Explications sur le processus de fabrication des poches de nutrition parentérale.

La poche de nutrition est fabriquée sur place dans la pharmacie de l'hôpital. La première étape est la mise en condition. Gants, bottes, manchettes et combinaison stérile anti-poussière sont nécessaires pour éviter tout risque de contamination comme l'explique Guy Benoît, chef du service pharmacie de l'hôpital Armand Trousseau : "Les tissus transportent des particules. Et ce sont sur ces particules que sont véhiculés les germes. Nous devons donc utiliser une tenue adaptée, stérile et ne relarguant pas de particules donc limitant le risque de contamination". Le but est de franchir chaque étape en évitant au maximum le risque d'une contamination bactérienne.

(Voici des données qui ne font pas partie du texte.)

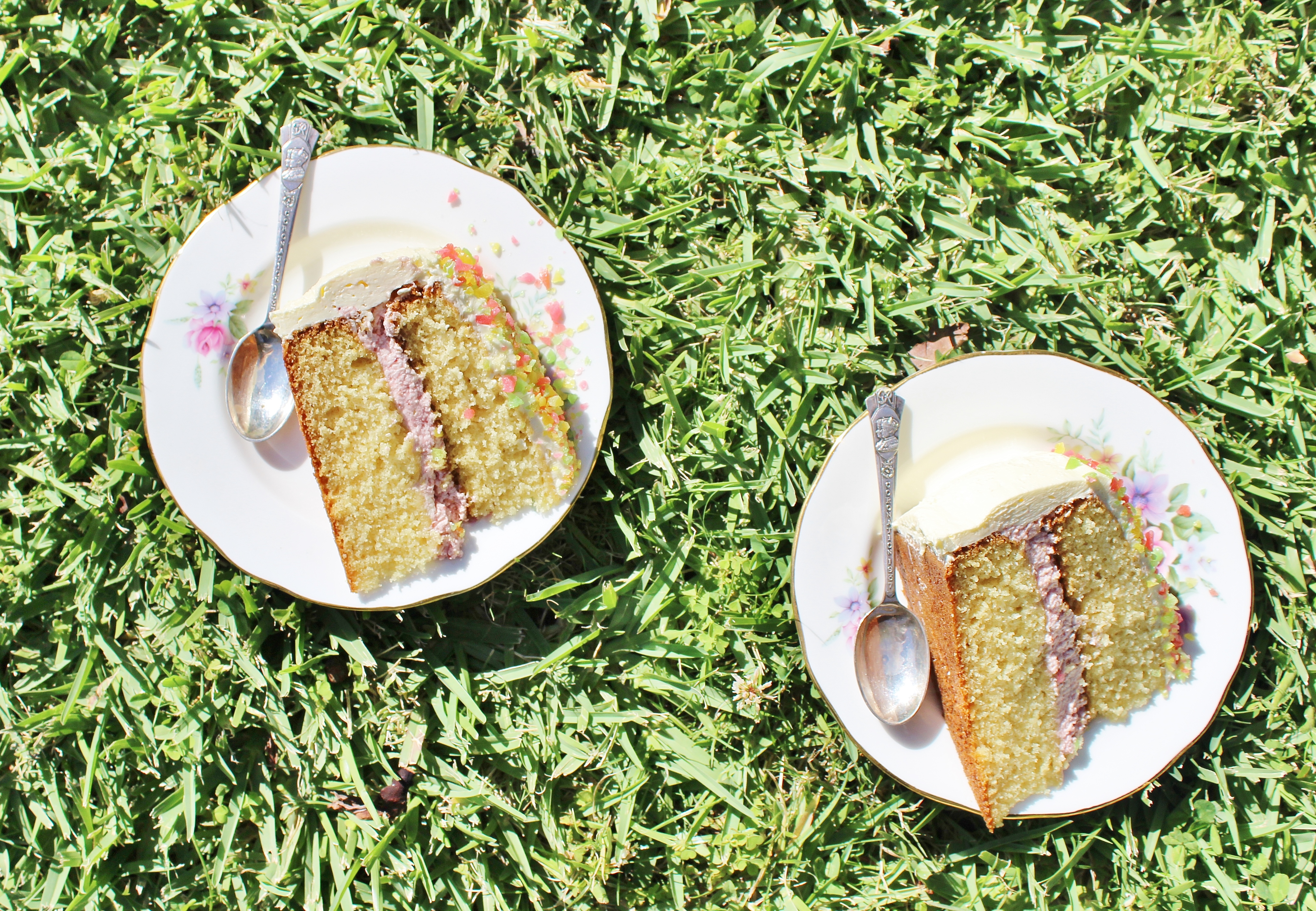 cut cakeIf you’re hosting a New Year’s Eve party, crack open the champagne early and make this cake and the champagne Swiss meringue buttercream – you’ll feel like throwing a party once you’ve assembled it, it’s such a fun cake.

Il s'agit donc de limiter les manipulations manuelles.

Les poches sont fabriquées et remplies par une machine. Un automate prélève dans des flacons le volume nécessaire à la fabrication de la poche de l'enfant. Mais le danger se niche dans les détails. Remplacer une bouteille vide par exemple représente une porte ouverte aux germes. À chaque fois le pharmacien doit changer ses gants, désinfecter la bouteille avant de la manipuler.

Une fois le remplissage de la poche terminé, un échantillon permet de vérifier une dernière fois la composition chimique de la poche. "Le risque, c'est qu'il y ait eu une erreur de flacon au moment de l'installation de l'automate et que cela induise une erreur dans la composition de la poche au final", confie Guy Benoît.

Une fois la poche prête à l'emploi, la présence d'une bactérie peut encore être possible. Un dernier test doit encore être effectué, les résultats ne seront connus que 48 heures après, c'est-à-dire bien après avoir été injecté au patient.

À chaque changement de poche du patient, si le geste est simple, il est pourtant très dangereux. L'enfant risque en effet une septicémie à chaque changement de poche. Les infirmières doivent donc prendre des précautions pour éviter le moindre risque infectieux.

La moindre erreur au moment de l'administration des poches peut avoir de graves conséquences, d'où l'importance de respecter le protocole. Les accidents sont d'ailleurs exceptionnels.